● Input data
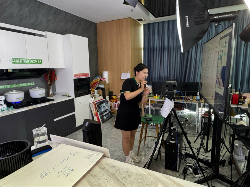 在美易達集團直播間,主播正在直播中。新華網 關錦恒 攝
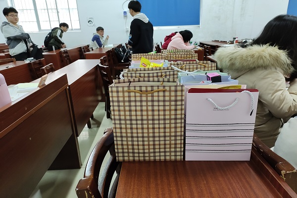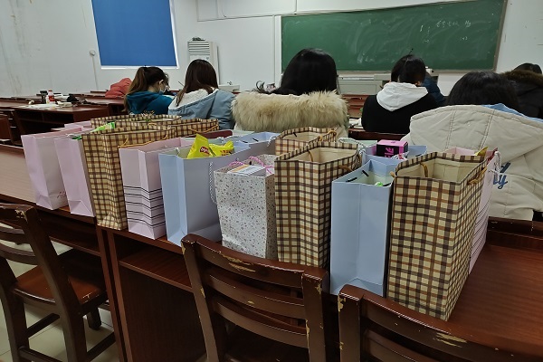 3月8日是属于女生们的节日,余益根安排男生拉横幅并把准备好的礼物安置在课桌上。前来参加活动的女生们挑选自己心仪的礼物,宣传委员谭滕龙指导男女生配对并根据抽签姿势拍照。最后在教室里进行画图你猜游戏,同学们都异常的融洽与开心。
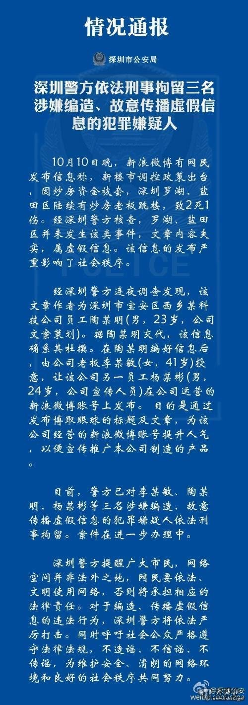 10月10日晚,新浪微博有网民发布信息称,新楼市调控政策出台,因炒房资金被套,深圳罗湖、盐田区陆续有朝方老板跳楼,致2死1伤谣言。经警方核查,罗湖、盐田区并未发生该类事件,文章内容失实,属虚假信息。

● Work required
Starting with the line that holds "3月8日是属于女生们的节日,余益根安排男", transcribe exactly each line through the last one of the material above, and nothing else. Do not include pictures.

● Response area
 3月8日是属于女生们的节日,余益根安排男生拉横幅并把准备好的礼物安置在课桌上。前来参加活动的女生们挑选自己心仪的礼物,宣传委员谭滕龙指导男女生配对并根据抽签姿势拍照。最后在教室里进行画图你猜游戏,同学们都异常的融洽与开心。
 10月10日晚,新浪微博有网民发布信息称,新楼市调控政策出台,因炒房资金被套,深圳罗湖、盐田区陆续有朝方老板跳楼,致2死1伤谣言。经警方核查,罗湖、盐田区并未发生该类事件,文章内容失实,属虚假信息。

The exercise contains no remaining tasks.